- **Work instructions**
Exactly as they appear, retype the lines from the one containing "On y joint un" through the final line of the data below. Leave pictures out.

- **Data for this exercise**
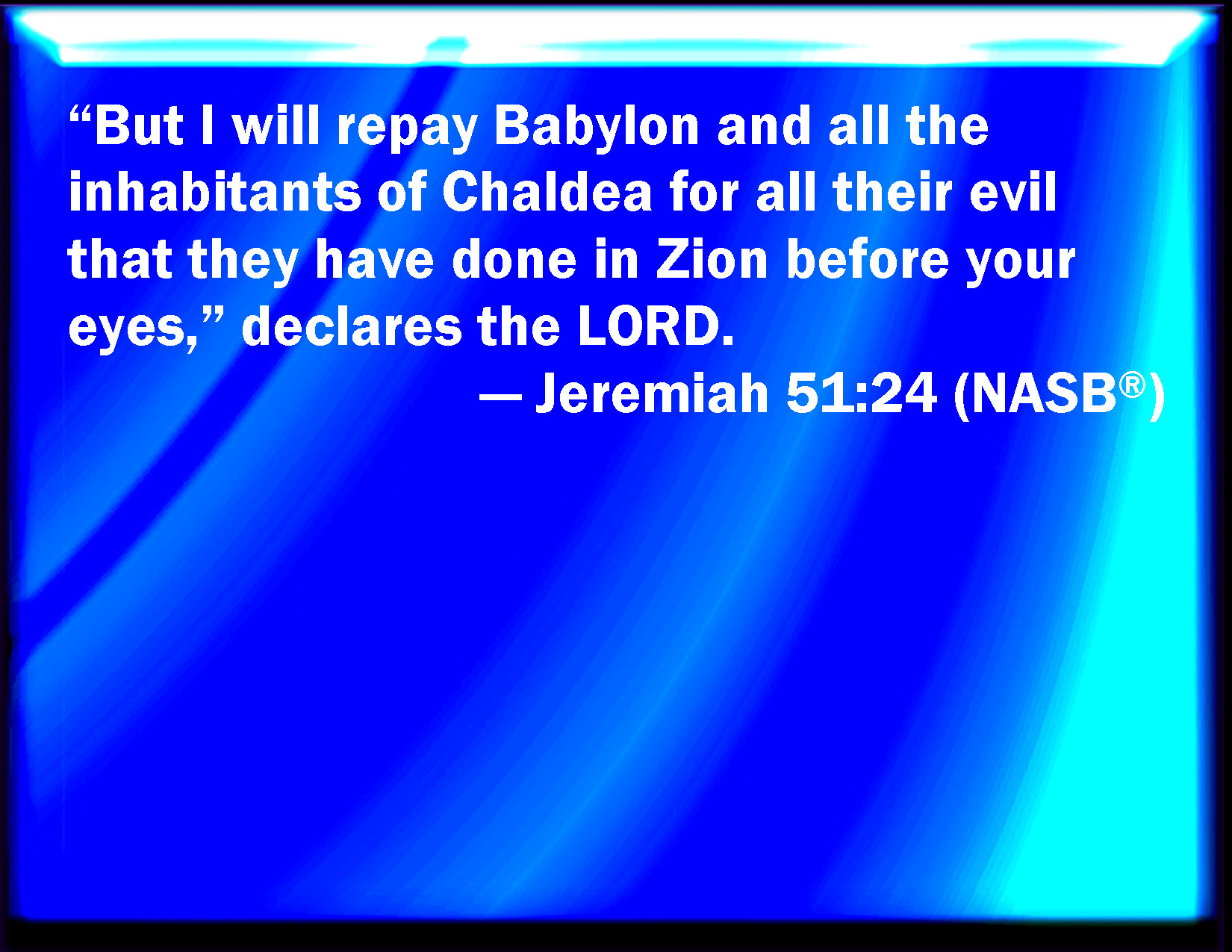 Bible Verse Slide Jeremiah 51:24 And I will render to Babylon and to all the inhabitants of Chaldea all their evil that they have done in Zion in your sight, said the LORD. KJV: And I will render unto Babylon and to all the inhabitants of Chaldea all their evil that they have done in Zion in your sight, saith the LORD. DRB: And I will render to Babylon, and to all the inhabitants of Chaldea all their evil, that they have done in Sion, before your eyes, saith the Lord. DBT: And I will render unto Babylon and to all the inhabitants of Chaldea, in your sight, all their evil which they have done in Zion, saith Jehovah. ERV: And I will render unto Babylon and to all the inhabitants of Chaldea all their evil that they have done in Zion in your sight, saith the LORD. WBT: And I will render to Babylon and to all the inhabitants of Chaldea all their evil that they have done in Zion in your sight, saith the LORD. WEB: I will render to Babylon and to all the inhabitants of Chaldea all their evil that they have done in Zion in your sight, says Yahweh. YLT: And I have recompensed to Babylon, And to all inhabitants of Chaldea, All the evil that they have done in Zion, Before your eyes — an affirmation of Jehovah.Links Jeremiah 51:24 NIV • Jeremiah 51:24 NLT • Jeremiah 51:24 ESV • Jeremiah 51:24 NASB • Jeremiah 51:24 KJV • Jeremiah 51:24 Interlinear • Jeremiah 51:24 Commentaries • Jeremiah 51:24 Parallel Texts • Jeremiah 51:24 Bible Apps • Jeremiah 51:24 Parallel • Bible Hub |
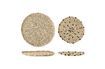 Ces deux assiettes ont un diamètre de 20 et 25,5cm. Elles sont très naturelles, réalisées à partir d'herbe de mer. L'une est piquetée de blanc et l'autre de noir, ce qui rehausse la couleur paille des assiettes.
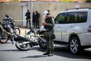 Dois policiais da Ronda Ostensiva com Apoio de Motocicletas (Rocam) ficaram feridos após uma colisão durante perseguição a suspeitos de assalto no bairro Matadouro, na zona Norte de Teresina, no final da manhã desta quarta-feira (26). Segundo o major Aquino, sub-comandante da Rocam, os policiais foram acionados por populares acerca de uma dupla realizando assaltos na região. Ao identificarem os suspeitos, deram ordem de parada e iniciaram a perseguição. “Os policiais identificaram os dois na moto e fizeram o acompanhamento. Foi dada voz de parada, eles não atenderam e durante a perseguição, no cruzamento das avenidas, houve a colisão em um veículo e em outra motocicleta”, relatou o militar. Os policiais e a condutora da motocicleta envolvida na colisão sofreram lesões leves e foram socorridos por equipes do Serviço de Atendimento Móvel de Urgência (Samu) e levados para o Hospital de Urgência de Teresina (HUT). Um dos suspeitos foi preso próximo ao local do acidente. “Ele foi pego com uma arma de fogo. Uma das vítimas compareceu ao local e apresentou uma cápsula deflagrada e fez o reconhecimento dos suspeitos”, pontuou o sub-comandante da Rocam. A perícia foi acionada e realiza procedimentos no local. O suspeito foi encaminhado para a Central de Flagrantes. Fonte: Cidade Verde / Foto: Renato Andrade/Cidadeverde.com
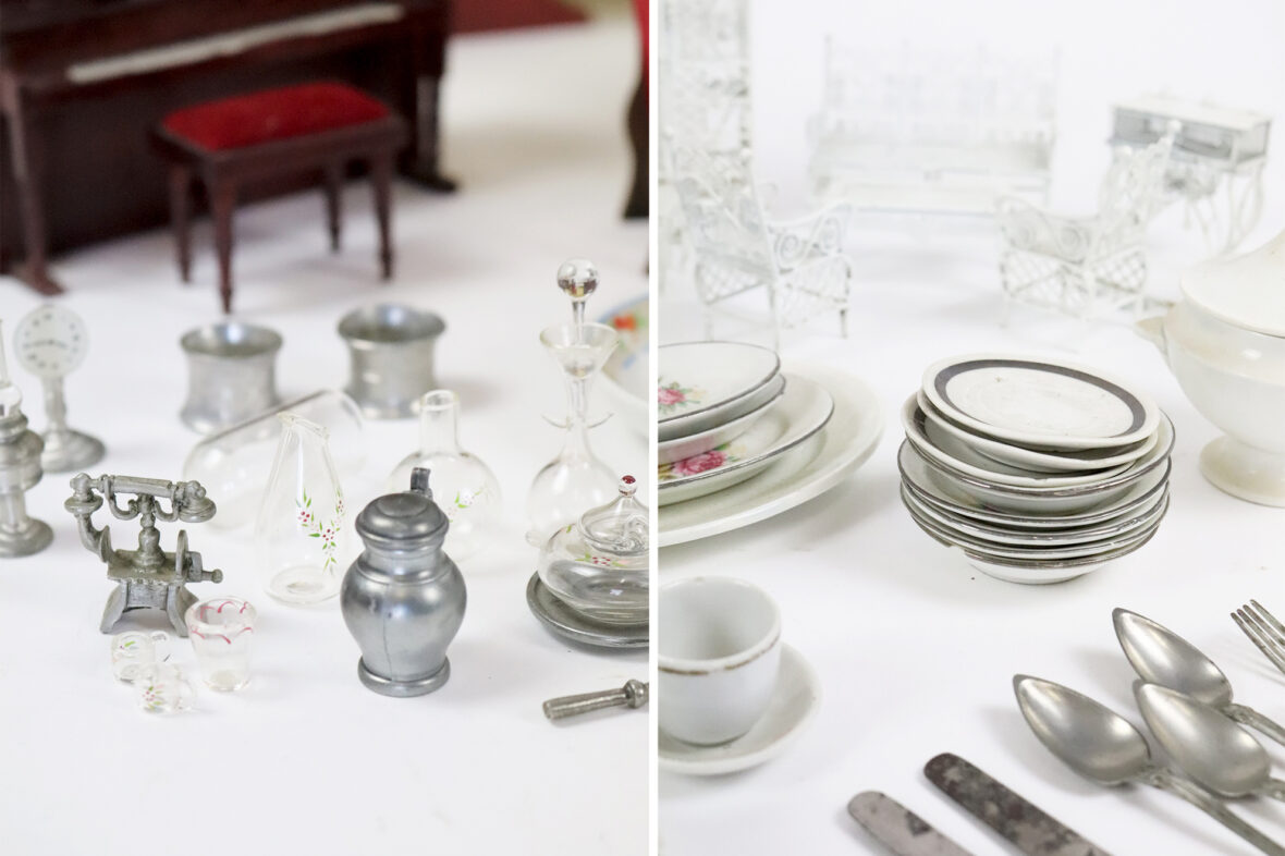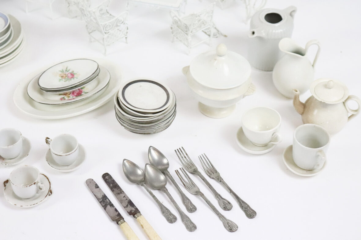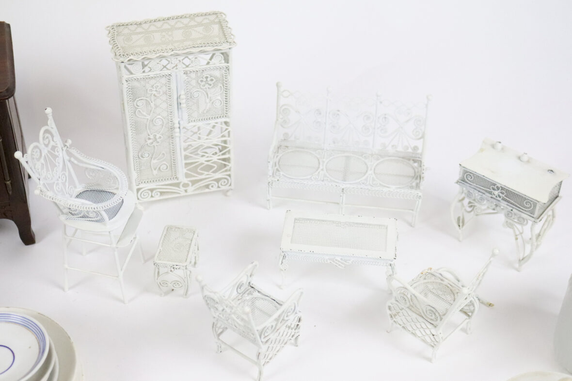 On y joint un ensemble de mobilier ancien pour maison de poupée en métal laqué blanc comprenant une chaise haute, une armoire, une banquette et deux fauteuils, une table basse, un bureau et un repose-pieds.
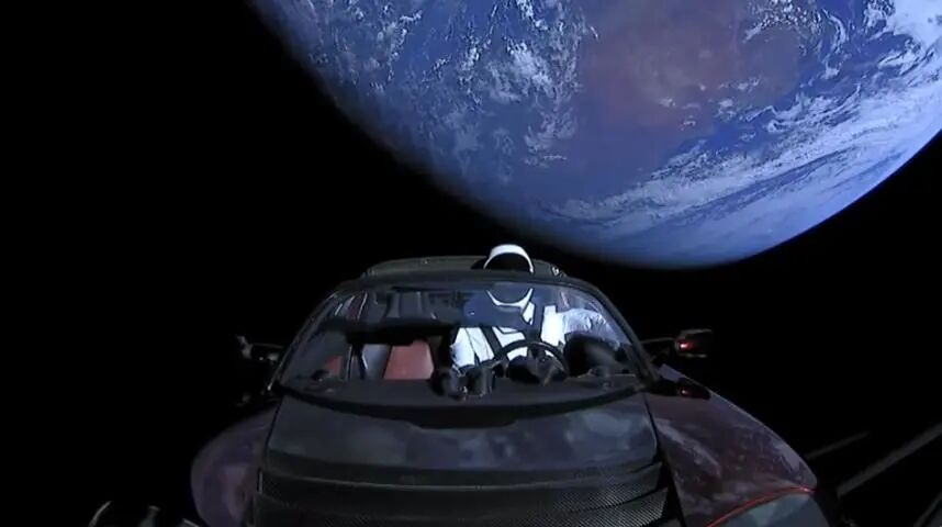 关于马斯克送车的这件事儿,我们已经在这篇《埃隆·马斯克和他的宇宙浪漫》里聊过,大概就是这位商业巨头送了辆自己的特斯拉超跑Roadster上天,里面还带上了阿西莫夫的科幻名著“基地”系列,《银河系漫游指南》的纸质版和一条毛巾,车里还循环着大卫·鲍伊的《太空奇遇记》。
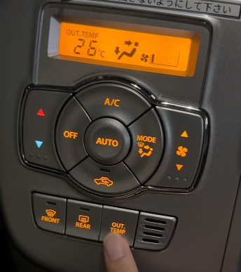 外気温を知るためには「OUT TEMP」ボタンを押す必要がある。
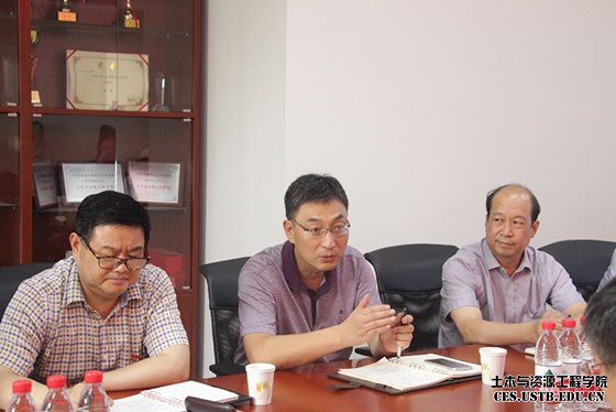 会议首先由纪洪广做了题为《加强党建工作,落实基本标准,全面推进学院发展》的汇报。纪洪广指出,在近五年学院发展过程中,学院党委全面领导各项工作顺利开展,严格落实基本标准,不断强化领导班子及干部队伍建设,贯彻落实大学章程,建立健全依法办学、民主办学制度,多方位强化思想政治工作,充分发挥基层党组织的战斗堡垒作用,强化党内外监督机制建设,加强党风廉政及思政宣传工作,巩固党建工作成绩,弘扬学院文化特色。同时也存在如何进一步加强师德建设工作、加强尖端人才培养工作、加强维护安全稳定工作以及如何扩大发展空间等问题。
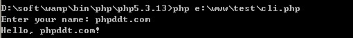 // ask for inputfwrite(STDOUT, "Enter your name:");// get input$name = trim(fgets(STDIN));// write input backfwrite(STDOUT, "Hello, $name!");运行截图:
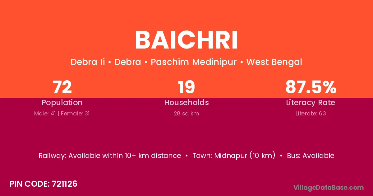 Midnapur (10 km) is the nearest town to Baichri village for major economic activities and is located approximately 10 km away.
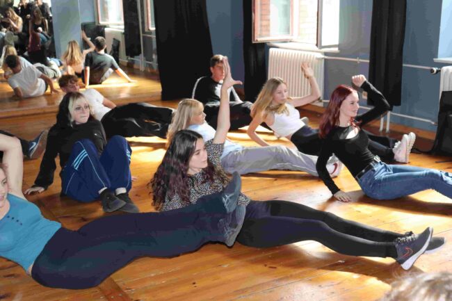 In der Choreografie-Gruppe wurde sich auf den Aspekt der inneren Zerrissenheit, des inneren Kampfes fokussiert. Der Workshopleiter hat einige Schritte für die finale Choreografie eingebracht, jedoch haben die SuS die Choreografie größtenteils gemeinsam mit der Gruppe entwickelt.

- **Output for this exercise**
 On y joint un ensemble de mobilier ancien pour maison de poupée en métal laqué blanc comprenant une chaise haute, une armoire, une banquette et deux fauteuils, une table basse, un bureau et un repose-pieds.
 关于马斯克送车的这件事儿,我们已经在这篇《埃隆·马斯克和他的宇宙浪漫》里聊过,大概就是这位商业巨头送了辆自己的特斯拉超跑Roadster上天,里面还带上了阿西莫夫的科幻名著“基地”系列,《银河系漫游指南》的纸质版和一条毛巾,车里还循环着大卫·鲍伊的《太空奇遇记》。
 外気温を知るためには「OUT TEMP」ボタンを押す必要がある。
 会议首先由纪洪广做了题为《加强党建工作,落实基本标准,全面推进学院发展》的汇报。纪洪广指出,在近五年学院发展过程中,学院党委全面领导各项工作顺利开展,严格落实基本标准,不断强化领导班子及干部队伍建设,贯彻落实大学章程,建立健全依法办学、民主办学制度,多方位强化思想政治工作,充分发挥基层党组织的战斗堡垒作用,强化党内外监督机制建设,加强党风廉政及思政宣传工作,巩固党建工作成绩,弘扬学院文化特色。同时也存在如何进一步加强师德建设工作、加强尖端人才培养工作、加强维护安全稳定工作以及如何扩大发展空间等问题。
 // ask for inputfwrite(STDOUT, "Enter your name:");// get input$name = trim(fgets(STDIN));// write input backfwrite(STDOUT, "Hello, $name!");运行截图:
 Midnapur (10 km) is the nearest town to Baichri village for major economic activities and is located approximately 10 km away.
 In der Choreografie-Gruppe wurde sich auf den Aspekt der inneren Zerrissenheit, des inneren Kampfes fokussiert. Der Workshopleiter hat einige Schritte für die finale Choreografie eingebracht, jedoch haben die SuS die Choreografie größtenteils gemeinsam mit der Gruppe entwickelt.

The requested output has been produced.